Supplied data →
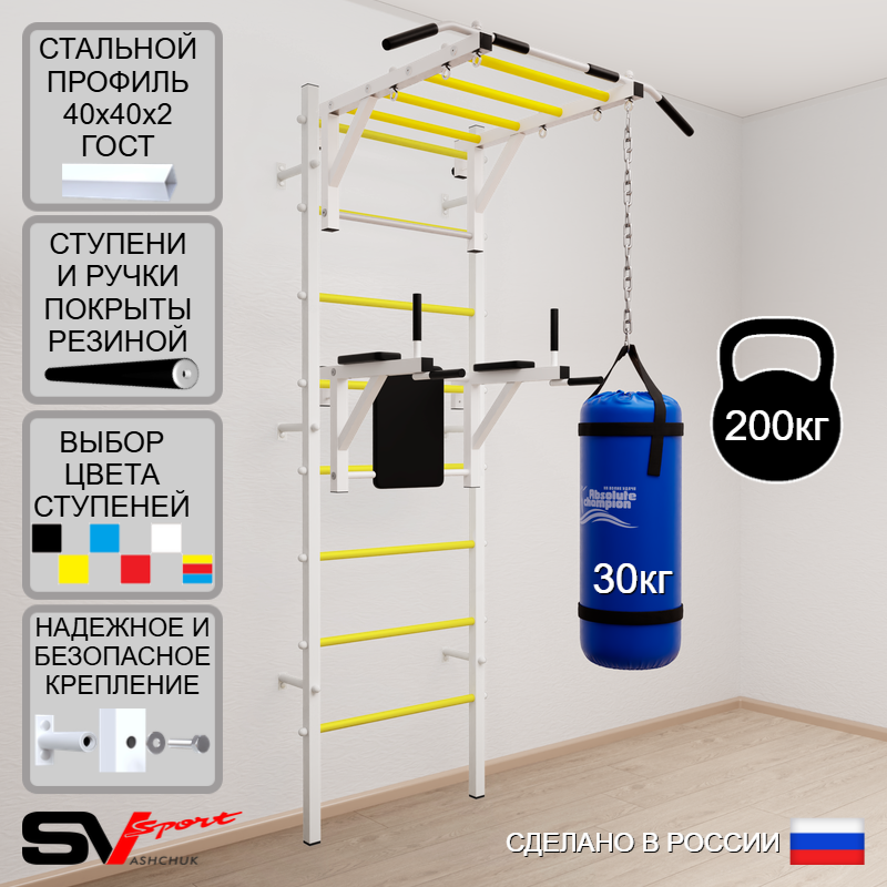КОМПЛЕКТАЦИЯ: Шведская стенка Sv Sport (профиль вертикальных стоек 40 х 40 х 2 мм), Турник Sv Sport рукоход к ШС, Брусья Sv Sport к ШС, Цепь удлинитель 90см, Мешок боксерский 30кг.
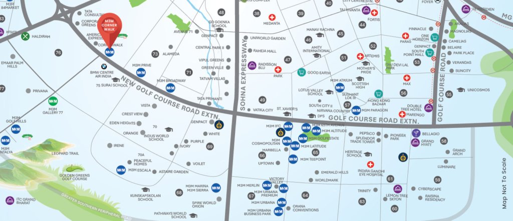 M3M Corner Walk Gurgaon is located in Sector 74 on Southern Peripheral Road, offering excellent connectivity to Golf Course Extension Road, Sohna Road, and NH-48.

---

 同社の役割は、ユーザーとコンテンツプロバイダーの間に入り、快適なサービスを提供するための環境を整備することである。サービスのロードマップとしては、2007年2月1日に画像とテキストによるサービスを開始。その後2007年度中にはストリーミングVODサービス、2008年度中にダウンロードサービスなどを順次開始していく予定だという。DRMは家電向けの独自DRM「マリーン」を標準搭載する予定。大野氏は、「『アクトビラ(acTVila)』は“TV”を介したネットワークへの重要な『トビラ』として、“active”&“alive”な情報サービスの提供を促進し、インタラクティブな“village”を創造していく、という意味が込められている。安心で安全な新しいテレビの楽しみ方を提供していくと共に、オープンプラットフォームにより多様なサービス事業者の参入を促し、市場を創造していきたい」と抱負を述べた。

==

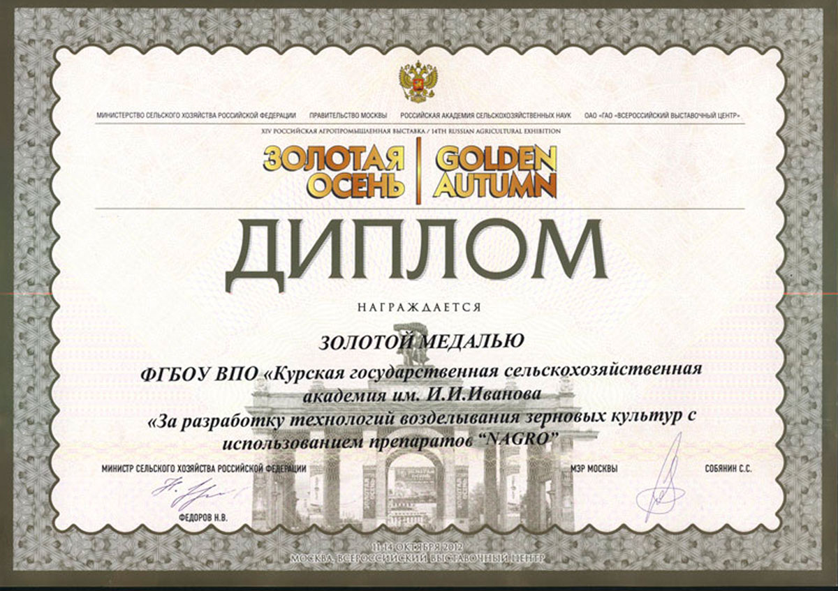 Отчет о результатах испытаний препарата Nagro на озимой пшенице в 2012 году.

Exercise description →
Each line from the one that contains "КОМПЛЕКТАЦИЯ: Шведская стенка" down to the one that contains "M3M Corner Walk" is to be returned exactly as it stands above, both ends included, with pictures removed.

Solved exercise →
КОМПЛЕКТАЦИЯ: Шведская стенка Sv Sport (профиль вертикальных стоек 40 х 40 х 2 мм), Турник Sv Sport рукоход к ШС, Брусья Sv Sport к ШС, Цепь удлинитель 90см, Мешок боксерский 30кг.
 M3M Corner Walk Gurgaon is located in Sector 74 on Southern Peripheral Road, offering excellent connectivity to Golf Course Extension Road, Sohna Road, and NH-48.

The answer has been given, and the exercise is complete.